Surtout dans un contexte comme celui de la Veillée de l’avant-veille, où la majorité des spectateurs ne maîtrisent pas sur le bout de leurs pieds les pas des différentes gigues, reels, cotillons et contredanses peuplant notre répertoire traditionnel, explique Yaëlle Azoulay : « Au Québec, la câlleuse a une fonction importante parce que les danseurs ne connaissent plus aussi bien le répertoire. Ça paraît, dans une Veillée, lorsque le câlleur sait bien mener la soirée tout en étant un bon pédagogue de la danse traditionnelle. »

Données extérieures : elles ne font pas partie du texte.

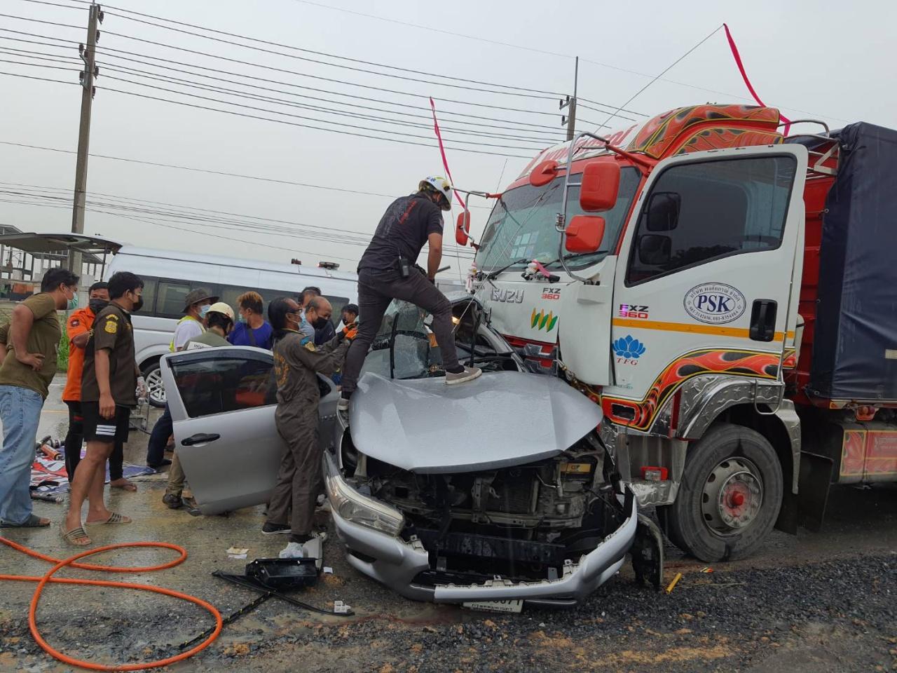 ในที่เกิดเหตุพบรถบรรทุกพ่วง ยี่ห้ออีซูซุ สีขาว ทะเบียนตัวแม่ 70-1362 พิจิตร ทะเบียนตัวลูก70-1363 พิจิตร ชนกับรถกระบะยี่ห้อโตโยต้า ตอนเดียว ใส่หลังคาแครี่บอย สีบรอนซ์เงิน ทะเบียน 1ฒภ9671 กทม. สภาพรถกระบะถูกชนเข้าด้านซ้ายพังยับ เศษอุปกรณ์รถกระจัดกระจายเต็มถนน และถูกลากยาวกว่า500เมตร ภายในรถยนต์กระบะมีผู้ติดอยู่จำนวน 2 ราย
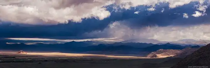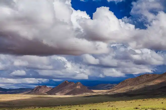 Видя из окна уазика красивейшие облака и пустынные ландшафты, хотелось останавливаться на каждом метре пути..
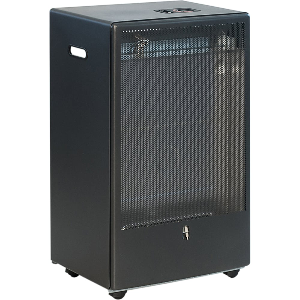 Обогреватель каминного типа ТМС 4,2 кВт, чёрный BLUE BELLE ТО Black оборудован термостатом ON/OFF. Уникальный термостат для рынка обогревателей! Пламя горелки автоматически гаснет при достижении необходимой температуры в помещении и снова загорается при снижении температуры. Эта функция, помимо оптимизации расхода топлива, экономит кислород в помещении. Модель имеет современный дизайн и легко впишется в любой, даже самый изысканный интерьер вашего дома. Мобильность устройству придаёт наличие роликов, которые обеспечивают удобное размещение в интерьере.
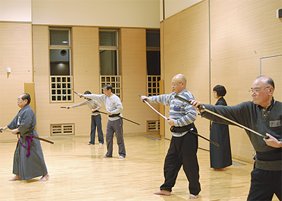 「鞘に収めるときに指を斬ってしまわないように、こうやるんです」――。13日の参加者は8人。真剣な表情で抜刀・納刀の技のほか、基本的な形の演舞を習った。参加者のひとり清水康生さん(65歳)は「時代劇にあこがれて参加した。この機会に精神を鍛えたい」と話した。
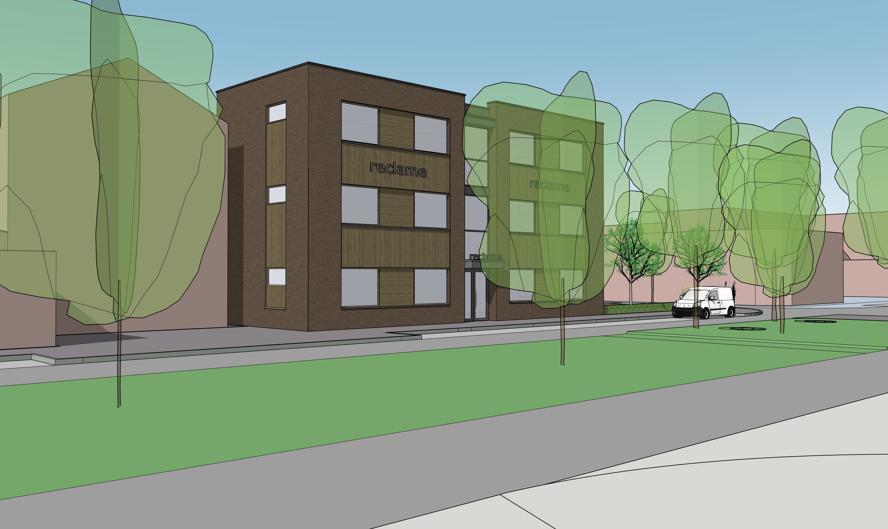 the weather is sunny with a few clouds in the sky add some people and cars arund the building behind the glass of the building there are some offices visible

« Sa fonction principale est d’enseigner les danses dans le cadre de veillées, mais ensuite de faire le pont entre les musiciens et les danseurs », dit la folkloriste, qui a étroitement collaboré avec Anaïs Barbeau-Lavalette et Émile Proulx-Cloutier à la conception de leur magnifique documentaire scénique Pas perdus. Créée le printemps dernier au théâtre d’Aujourd’hui, l’oeuvre coup de coeur qui s’interroge sur notre rapport à nos traditions et réveille notre mémoire collective sera présentée en supplémentaire du 24 février au 2 mars 2023 au théâtre du Nouveau Monde.

On espère simplement que les gens sortent de la Veillée le coeur gros comme ça, et avec l’envie de s’intéresser un peu plus à cette musique-là.

Cependant, « même si vous n’avez jamais dansé, y’a aucun problème », tout le monde sera le bienvenu, insiste Nicolas Boulerice. À preuve, « depuis quelques années, on remarque que de plus en plus de jeunes y participent, des gens qui n’ont pas nécessairement de liens étroits avec les porteuses et porteurs de traditions. Le temps d’une soirée, ils plongent dans la marmite de potion magique, et c’est beau à voir. On saisit très rapidement le plaisir qu’il y a à danser sur cette musique qui nous ressemble et nous rassemble, parce que le fun, c’est aussi d’entrer en contact avec les autres danseurs ».

« On espère simplement que les gens sortent de la Veillée le coeur gros comme ça, et avec l’envie de s’intéresser un peu plus à cette musique-là », conclut Olivier Demers.

La Veillée de l’avant-veille

avec Dâvi Simard, Le Vent du Nord et plusieurs autres. Au MTelus le 30 décembre.

Pas perdus

d’Anaïs Barbeau-Lavalette et Émile Proulx-Cloutier. Au théâtre du Nouveau Monde, dès le 24 février 2023.